Actually preferred Evergreen than High C's. High C's sounded a lot like That's a Wrap. 

I wonder if Thomas still browses these forums


----------



## dannymc (Dec 4, 2016)

> I wonder if Thomas still browses these forums



did he use to come here? 

Danny


----------



## Guffy (Dec 4, 2016)

dannymc said:


> did he use to come here?
> 
> Danny



I'd say it's hard for any composer using virtual instruments etc to not come by this forum from time to time 
No idea if he has a profile etc though. I know Nick Phoenix has one


----------



## AllanH (Dec 4, 2016)

I really like Vanquish. I've listened through several times, and it's interesting to hear how the two composers have evolved their style. Nick Phoenix in particular has from my perspective made a huge leap in composition, orchestration, and style. Very enjoyable.


----------



## desert (Dec 4, 2016)

Yeh, this soundtrack I drew closer to Nick's song more than I have in the past - Future Guardian being my his favourite.

I think this new singer is from their Facebook reach out they did months ago, asking for a new voice for TSFH.


----------



## Guffy (Dec 5, 2016)

Pegasus, Enchantress, Evergreen, Stallion and High C's are my favourites.
Some of these get better each time you listen.

The climax of Pegasus hit me hard while i was pushing it on my last set of OHP in the gym, it worked!


----------



## desert (Dec 5, 2016)

Fugdup said:


> Pegasus, Enchantress, Evergreen, Stallion and High C's are my favourites.
> Some of these get better each time you listen.
> 
> The climax of Pegasus hit me hard while i was pushing it on my last set of OHP in the gym, it worked!

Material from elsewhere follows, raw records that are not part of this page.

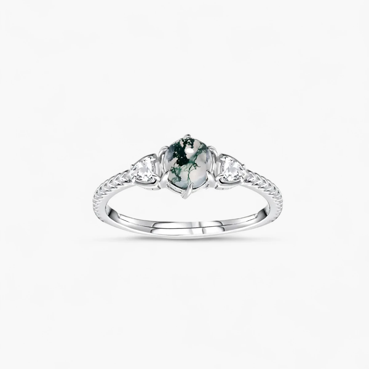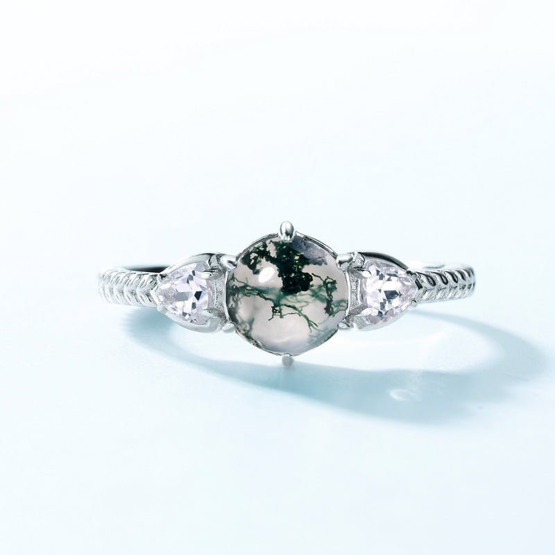 Our exquisite round moss agate engagement ring, a perfect blend of nature’s beauty and fine craftsmanship. This stunning ring features a round-cut moss agate gemstone, celebrated for its captivating green inclusions that resemble delicate moss or foliage. Set in a sleek and durable silver band, this ring exudes a timeless and sophisticated appeal, making it an ideal choice for a unique and meaningful engagement.
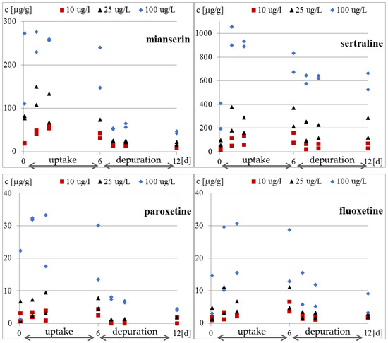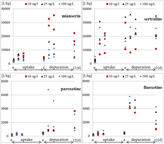 Whole-body internal concentrations based on the parent compound were measured. The concentrations of the compounds inside the protozoa and in the medium were determined four times in each research phase. The results of the concentration of the tested antidepressants in S. ambiguum cells and in the medium are shown in Figure 2 and Table A2, while the BCF values are presented in Figure 3 and Table A3. From the internal concentration data, it can be concluded that uptake and elimination kinetics vary greatly between the tested pharmaceuticals. S. ambiguum accumulated significant amounts of sertraline and mianserin, but different bioaccumulation scenarios were observed in each case and for each drug concentration. The concentration of sertraline in the protozoan cells increased gradually during the uptake phase for low and medium drug concentration. For the highest level tested, the highest sertraline concentration was determined after 24 h, followed by a gradual decrease in its concentration. In the depuration phase, the sertraline intracellular concentration remained at a high level, falling by only 40% of the highest concentration (all tested concentrations). Mianserin reached its highest concentration in S. ambiguum cells after two days of incubation. After six days, its level dropped to 60–70% and then gradually decreased in the depuration phase. Fluoxetine and paroxetine were not accumulated inside the protozoan cells, and their BCF values during the uptake phase never exceeded 1000 L/kg, while for mianserin and sertraline, the BCF values reached much higher at 4939 and 34,092 L/kg, respectively. The U.S. Environmental Protection Agency has established a BCF ranging from 100 to 1000 L/kg to indicate a medium concern for bioaccumulation [13]; compounds with BCF > 1000 L/kg are considered to be highly bioaccumulating.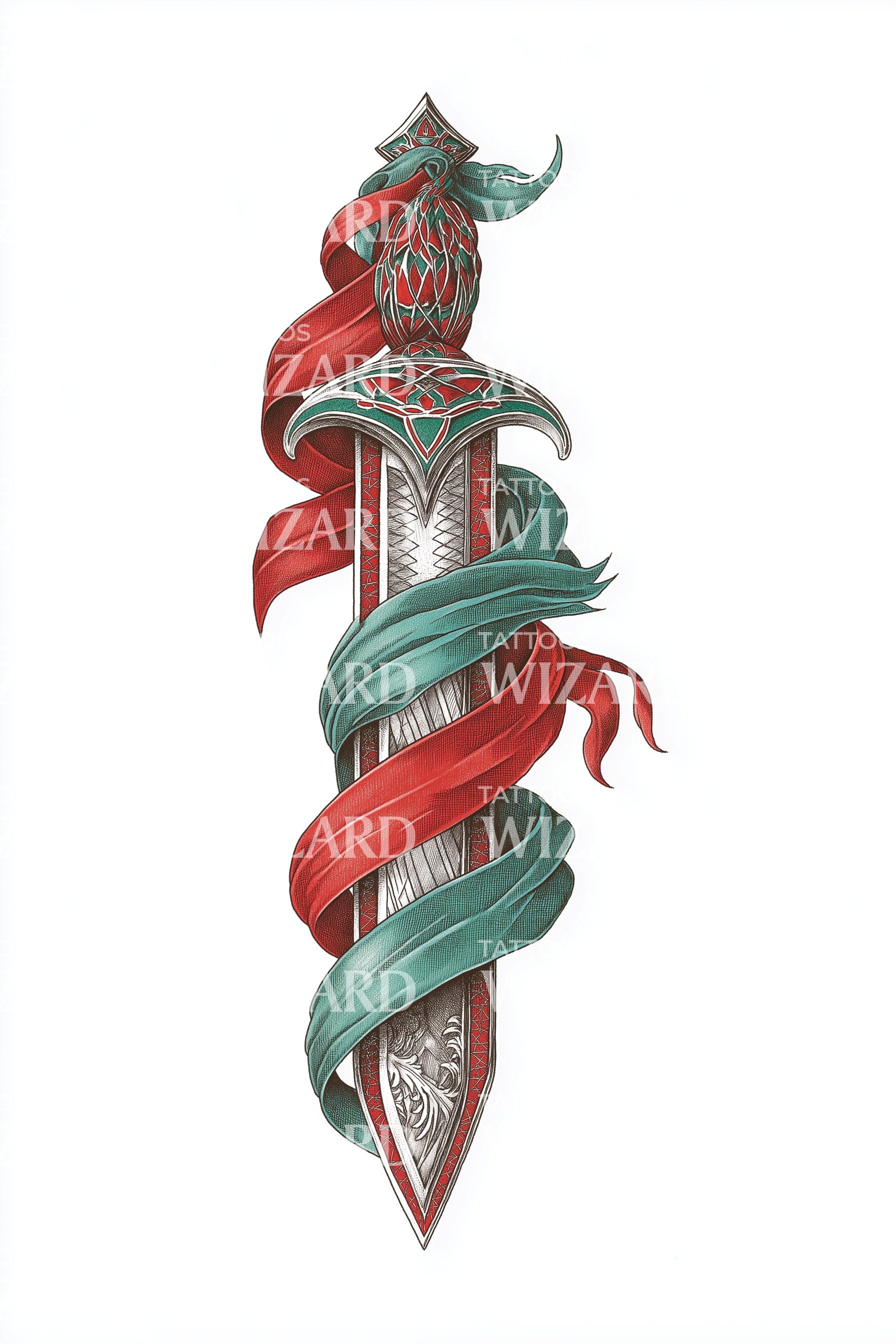 Mutasd meg iráni büszkeséged ezzel az illusztratív tetoválásmintával. A tinta egy bonyolult kardot ábrázol, amelyet egy lobogó szalag teker körbe, az iráni zászlót jelképezve. A domináns zöld és piros árnyalatok az ország erejét és kitartását szimbolizálják – lenyűgöző tisztelgés Irán gazdag öröksége előtt.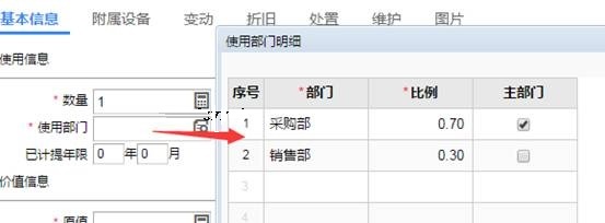 2、在图上使用部门处,录入相应的部门与比例,如图下: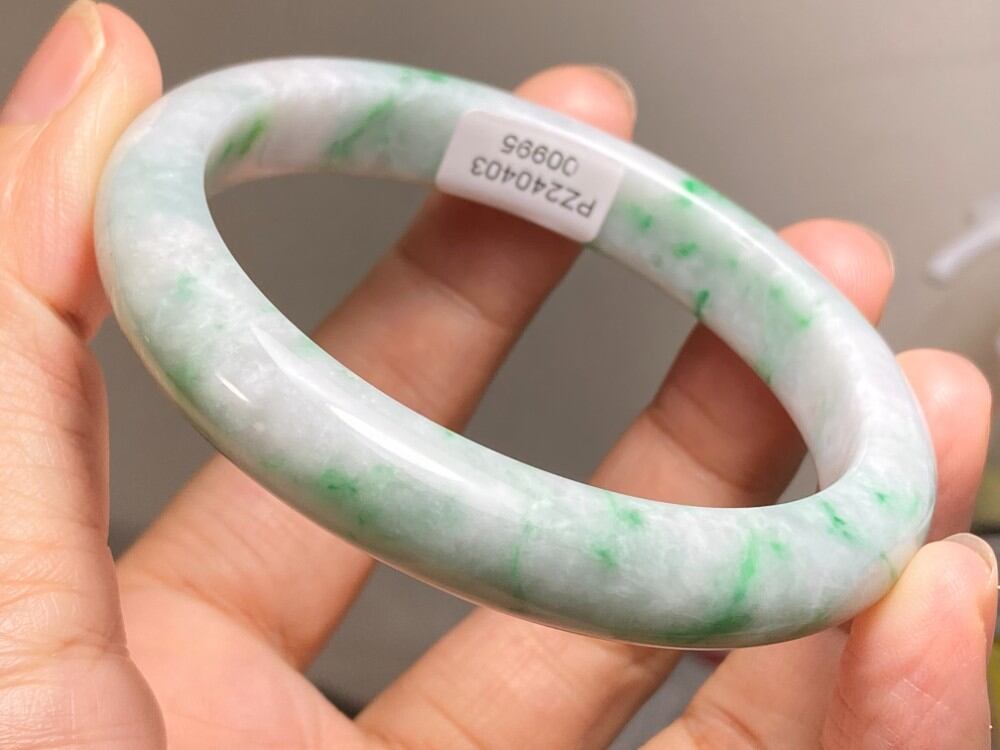 BG5-15 美品 花緑 55.8MM 真ん丸 ミャンマー産 天然本翡翠 バングル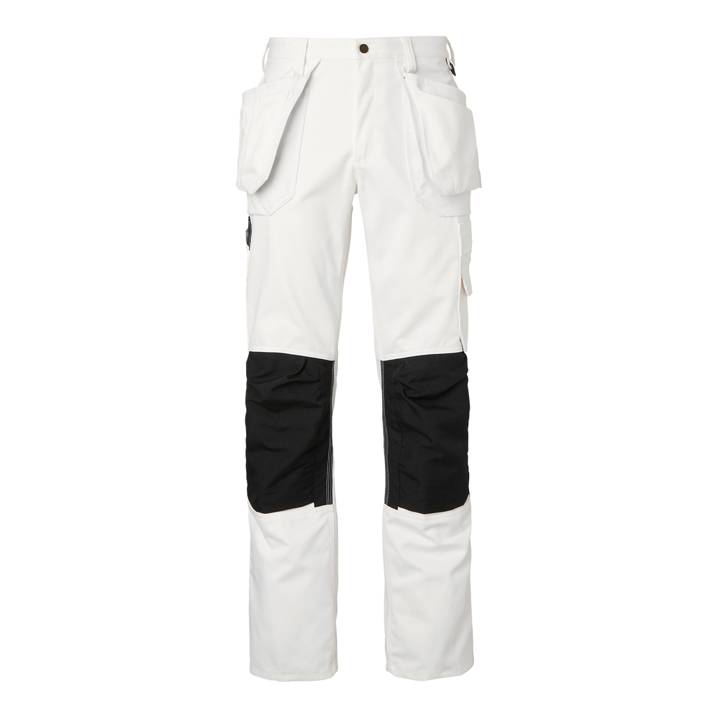 Målarbyxa med förböjda ben och knäfickor i CORDURA®. Flera fickor inklusive hängfickor och benficka med dold dragkedja. Reglerbar hammarkrok och D-ring. Idealisk för yrkesverksamma inom måleri. Upptäck Top Swedes 2515 Painter's Trousers, den ultimata målarbyxan för yrkesverksamma inom måleri o ch bygg. Dessa byxor är designade med förböjda ben och knäfickor i slitstark CORDURA®, vilket erbjud er plats för knäskydd i två nivåer för extra komfort och skydd. De har två framfickor, två bakfickor med bälg, och löst hängande spikfickor, alla förstärkta med CORDURA® för ökad hållbarhet. Vänster h ängficka har en extra ficka, medan höger hängficka har tre mindre extrafickor och en dold ID-kortsfi cka som kan fällas ned. Den framflyttade spackelspadefickan är utformad för att ge bättre komfort oc h åtkomst. Byxan inkluderar även en benficka med dold dragkedja, pennfack och telefonficka, samt en reglerbar hammarkrok och en D-ring. Dessa funktioner gör byxan idealisk för krävande arbetsmiljöer d är funktionalitet och hållbarhet är avgörande. Välj 2515 Painter's Trousers för en kombination av hö g kvalitet, funktionalitet och komfort som uppfyller de högsta standarderna inom arbetskläder.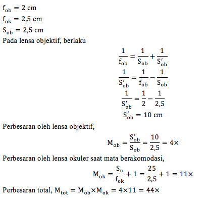 Jarak fokus lensa objektif sebuah mikroskop 2 cm dan okulernya 2,5 cm. Sebuah objek diletakkan sejauh 2,5 cm di depan lensa objektif. Apabila mikroskop digunakan dengan mata berakomodasi maksimum maka perbesaran mikroskop adalah .... (Sn = 25 cm)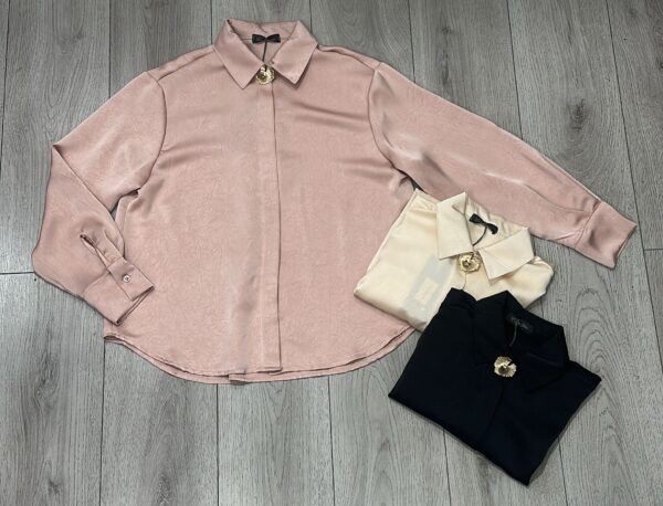 Camicia da donna dal taglio raffinato, realizzata in tessuto satinato leggermente lucido che dona un effetto elegante e femminile. Il design minimal è impreziosito da una spilla gioiello dorata sul colletto, dettaglio sofisticato che valorizza il capo e lo rende perfetto sia per look da ufficio che per occasioni speciali.

Those are mine as well and yes, it took me a few listens to get used to them. Mainly their structure.


----------



## Mike Marino (Dec 6, 2016)

dannymc said:


> did he use to come here?
> 
> Danny


Yep, he was here for quite a while.


----------



## desert (Dec 6, 2016)

Mike Marino said:


> Yep, he was here for quite a while.


And he deleted his account :(


----------



## AllanH (Dec 6, 2016)

Those two guys are just talented! The album gets better at every listen.


----------



## Mike Marino (Dec 6, 2016)

desert said:


> And he deleted his account :(


You are correct.


----------



## desert (Dec 6, 2016)

NYC Composer said:


> I don't miss Thomas, nor Nick. They're the bad boys of sampling, trailer music and composition. I admire their talents greatly, but I could never figure out why they couldn't be gentlemen on this forum while Hans Zimmer can.
> 
> Humility a funny thang.


I think they were just constantly defending themselves/their products. The internet can be so harsh. I wouldn't be surprised if they had alt accounts.

They did well on this album, though. It must have been hard to write after losing a loved one


----------



## NYC Composer (Dec 6, 2016)

Have not listened and don't know what you're referring to, but it sure is.


----------



## NYC Composer (Dec 6, 2016)

OMG. That's horrible. Desert, please delete your post that quotes me if you don't mind.


----------



## dannymc (Dec 7, 2016)

> You are correct.



why did he delete his account, was he getting abuse from the John Williams brigade? is there any old posts still on the forum?

Danny


----------



## thov72 (Dec 8, 2016)

NYC Composer said:


> OMG. That's horrible. Desert, please delete your post that quotes me if you don't mind.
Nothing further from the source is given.